↓

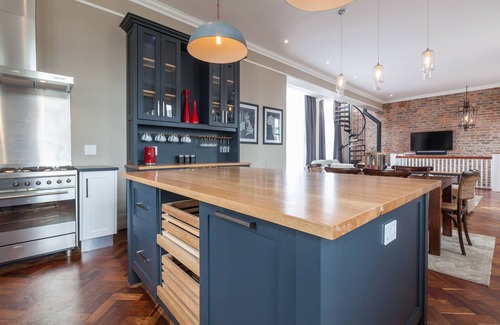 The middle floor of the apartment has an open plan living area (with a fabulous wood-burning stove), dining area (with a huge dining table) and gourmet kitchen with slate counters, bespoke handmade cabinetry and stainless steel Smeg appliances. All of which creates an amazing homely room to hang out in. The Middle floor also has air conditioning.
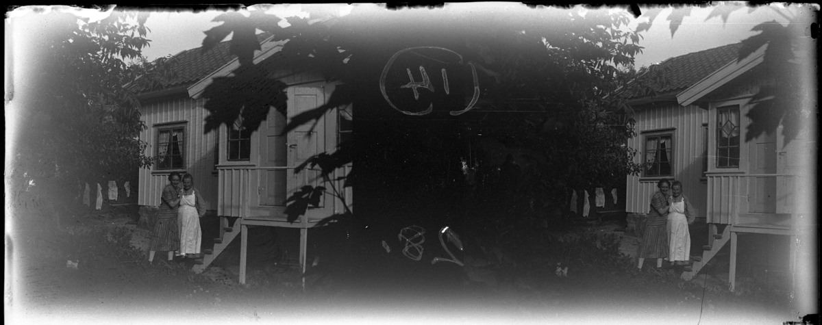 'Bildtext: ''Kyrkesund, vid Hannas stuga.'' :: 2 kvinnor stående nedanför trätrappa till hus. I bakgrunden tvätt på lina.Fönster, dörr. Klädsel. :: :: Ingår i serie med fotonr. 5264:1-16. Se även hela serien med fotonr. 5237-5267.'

↑
↓

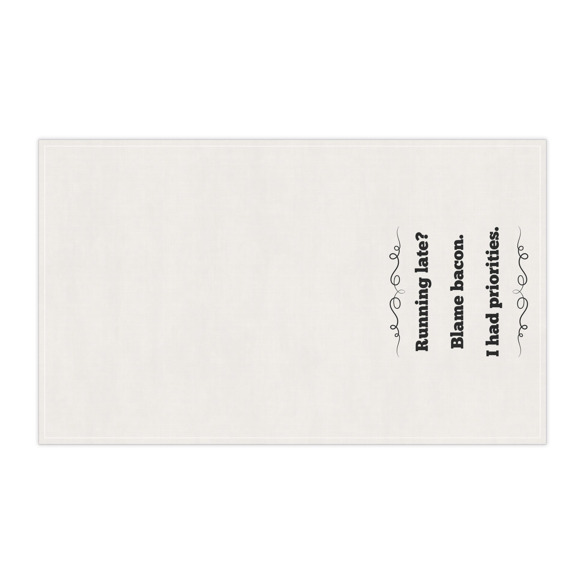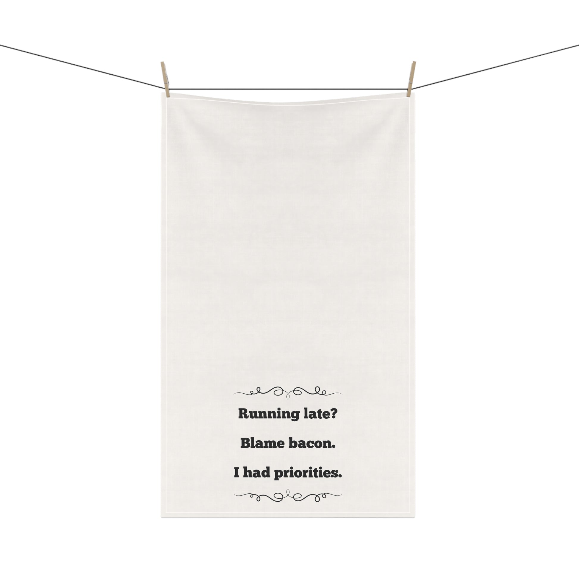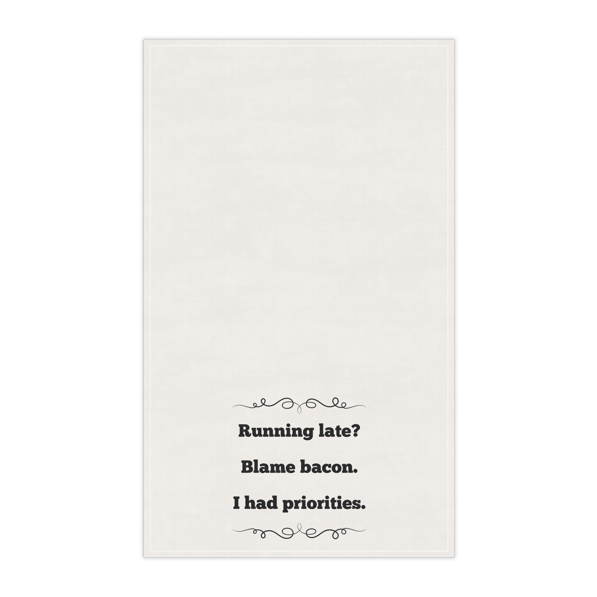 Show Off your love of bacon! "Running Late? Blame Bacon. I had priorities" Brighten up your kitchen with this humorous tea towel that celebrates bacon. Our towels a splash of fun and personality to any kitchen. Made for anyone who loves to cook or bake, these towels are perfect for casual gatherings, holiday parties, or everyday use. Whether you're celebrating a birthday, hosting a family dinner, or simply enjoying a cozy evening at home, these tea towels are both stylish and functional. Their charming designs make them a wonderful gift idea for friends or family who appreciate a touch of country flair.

↑

● What the task asks
All that is wanted is the lines above between the one containing "The middle floor of" and the one containing "med fotonr. 5237-5267.'", inclusive, restated word for word, with pictures omitted.

● Output of the exercise
 The middle floor of the apartment has an open plan living area (with a fabulous wood-burning stove), dining area (with a huge dining table) and gourmet kitchen with slate counters, bespoke handmade cabinetry and stainless steel Smeg appliances. All of which creates an amazing homely room to hang out in. The Middle floor also has air conditioning.
 'Bildtext: ''Kyrkesund, vid Hannas stuga.'' :: 2 kvinnor stående nedanför trätrappa till hus. I bakgrunden tvätt på lina.Fönster, dörr. Klädsel. :: :: Ingår i serie med fotonr. 5264:1-16. Se även hela serien med fotonr. 5237-5267.'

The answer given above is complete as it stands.